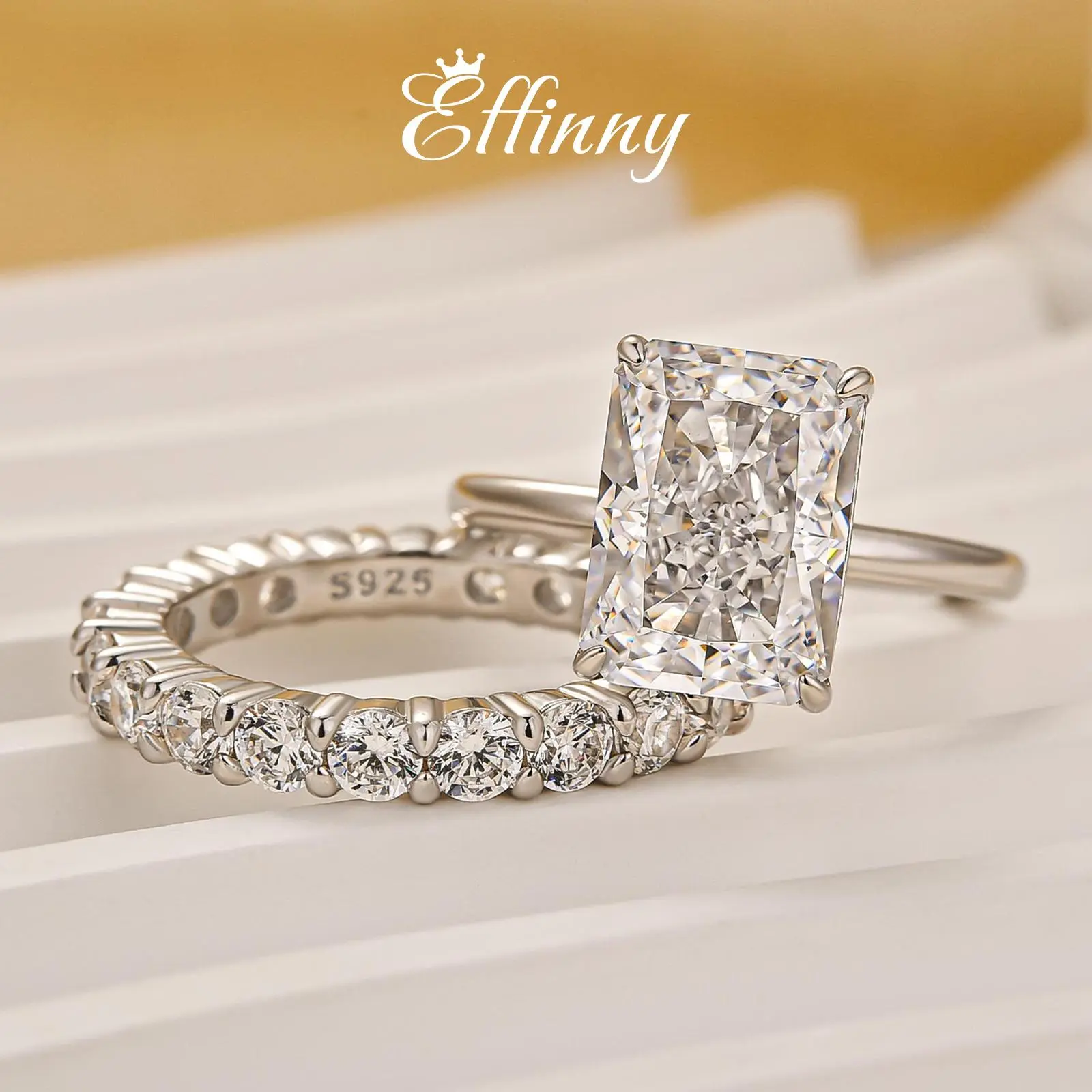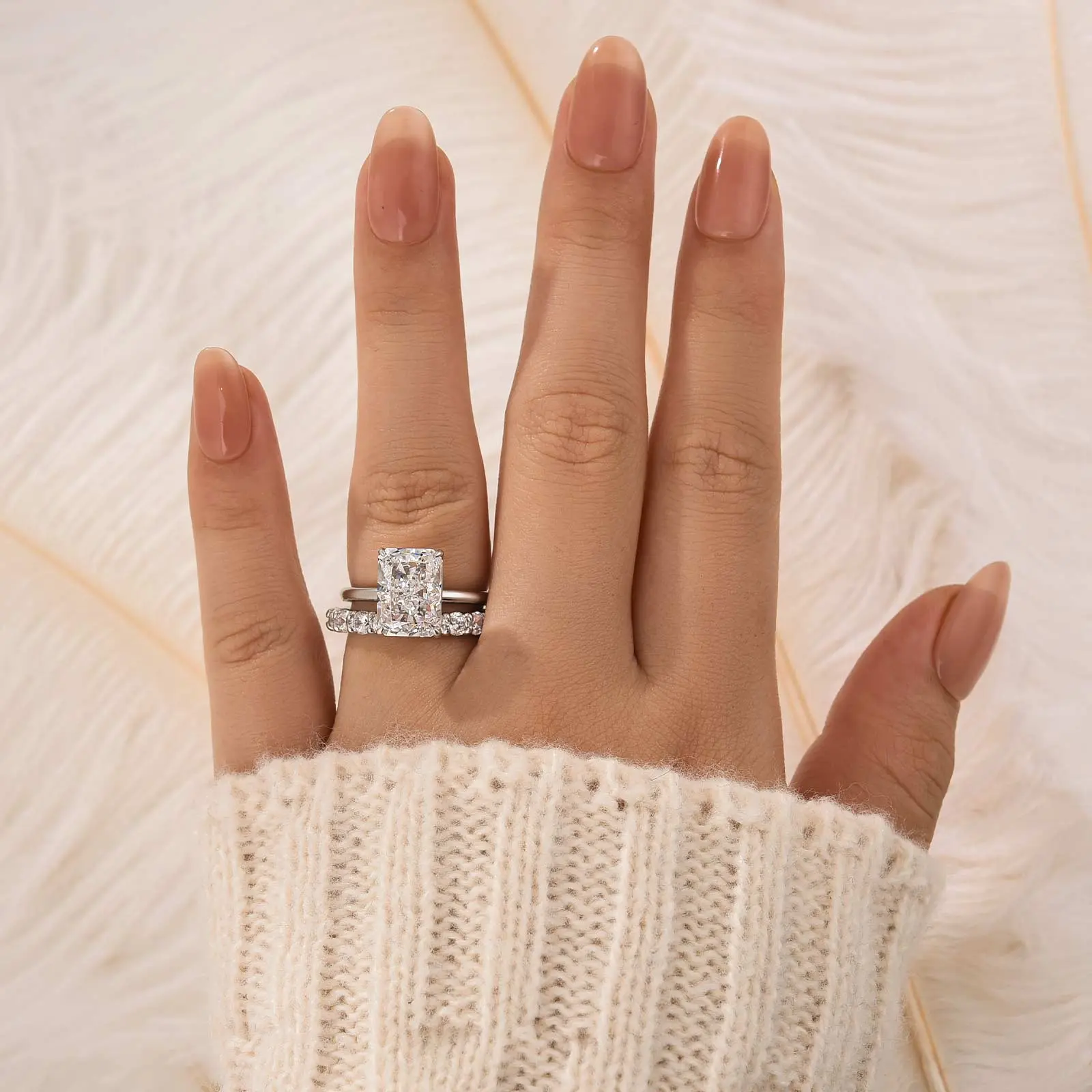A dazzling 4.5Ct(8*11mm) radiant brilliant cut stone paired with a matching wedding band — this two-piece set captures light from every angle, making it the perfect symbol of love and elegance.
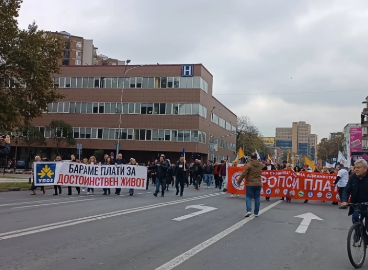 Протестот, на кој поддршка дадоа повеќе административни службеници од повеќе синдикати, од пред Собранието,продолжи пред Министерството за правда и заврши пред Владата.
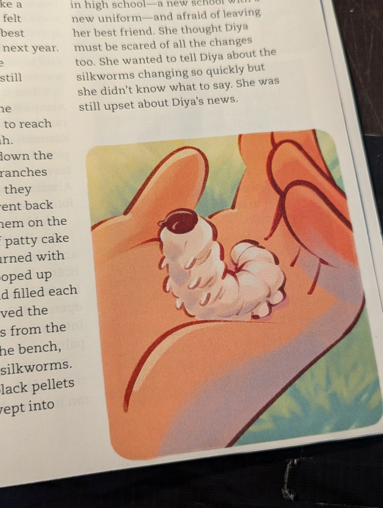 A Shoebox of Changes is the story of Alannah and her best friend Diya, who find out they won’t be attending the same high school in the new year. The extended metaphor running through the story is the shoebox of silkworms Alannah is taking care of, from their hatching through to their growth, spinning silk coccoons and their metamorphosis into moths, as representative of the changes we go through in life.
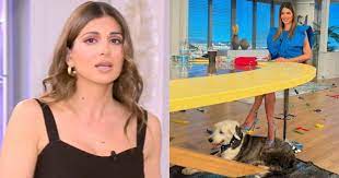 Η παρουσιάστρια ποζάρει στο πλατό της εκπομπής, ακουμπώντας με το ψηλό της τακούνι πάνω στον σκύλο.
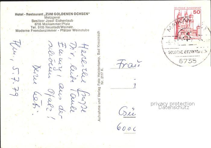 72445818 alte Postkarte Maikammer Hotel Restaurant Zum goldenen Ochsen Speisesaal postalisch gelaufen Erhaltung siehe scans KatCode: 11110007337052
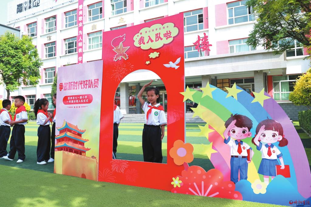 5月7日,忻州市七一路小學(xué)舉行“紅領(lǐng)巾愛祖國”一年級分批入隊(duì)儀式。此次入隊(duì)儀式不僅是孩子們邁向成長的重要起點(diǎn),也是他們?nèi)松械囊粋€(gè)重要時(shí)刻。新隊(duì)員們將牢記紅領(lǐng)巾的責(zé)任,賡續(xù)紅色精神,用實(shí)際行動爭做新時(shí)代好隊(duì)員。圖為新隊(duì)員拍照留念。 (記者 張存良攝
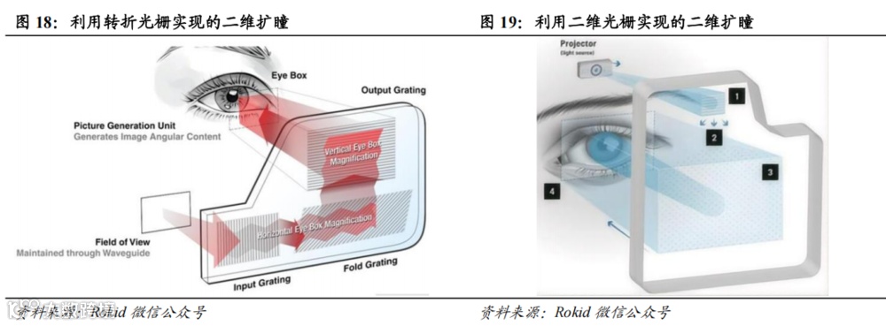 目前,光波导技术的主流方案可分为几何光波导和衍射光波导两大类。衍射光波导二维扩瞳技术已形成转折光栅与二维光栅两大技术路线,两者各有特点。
******************************
Print all the records exactly, minus any images.

A dazzling 4.5Ct(8*11mm) radiant brilliant cut stone paired with a matching wedding band — this two-piece set captures light from every angle, making it the perfect symbol of love and elegance.
 Протестот, на кој поддршка дадоа повеќе административни службеници од повеќе синдикати, од пред Собранието,продолжи пред Министерството за правда и заврши пред Владата.
 A Shoebox of Changes is the story of Alannah and her best friend Diya, who find out they won’t be attending the same high school in the new year. The extended metaphor running through the story is the shoebox of silkworms Alannah is taking care of, from their hatching through to their growth, spinning silk coccoons and their metamorphosis into moths, as representative of the changes we go through in life.
 Η παρουσιάστρια ποζάρει στο πλατό της εκπομπής, ακουμπώντας με το ψηλό της τακούνι πάνω στον σκύλο.
 72445818 alte Postkarte Maikammer Hotel Restaurant Zum goldenen Ochsen Speisesaal postalisch gelaufen Erhaltung siehe scans KatCode: 11110007337052
 5月7日,忻州市七一路小學(xué)舉行“紅領(lǐng)巾愛祖國”一年級分批入隊(duì)儀式。此次入隊(duì)儀式不僅是孩子們邁向成長的重要起點(diǎn),也是他們?nèi)松械囊粋€(gè)重要時(shí)刻。新隊(duì)員們將牢記紅領(lǐng)巾的責(zé)任,賡續(xù)紅色精神,用實(shí)際行動爭做新時(shí)代好隊(duì)員。圖為新隊(duì)員拍照留念。 (記者 張存良攝
 目前,光波导技术的主流方案可分为几何光波导和衍射光波导两大类。衍射光波导二维扩瞳技术已形成转折光栅与二维光栅两大技术路线,两者各有特点。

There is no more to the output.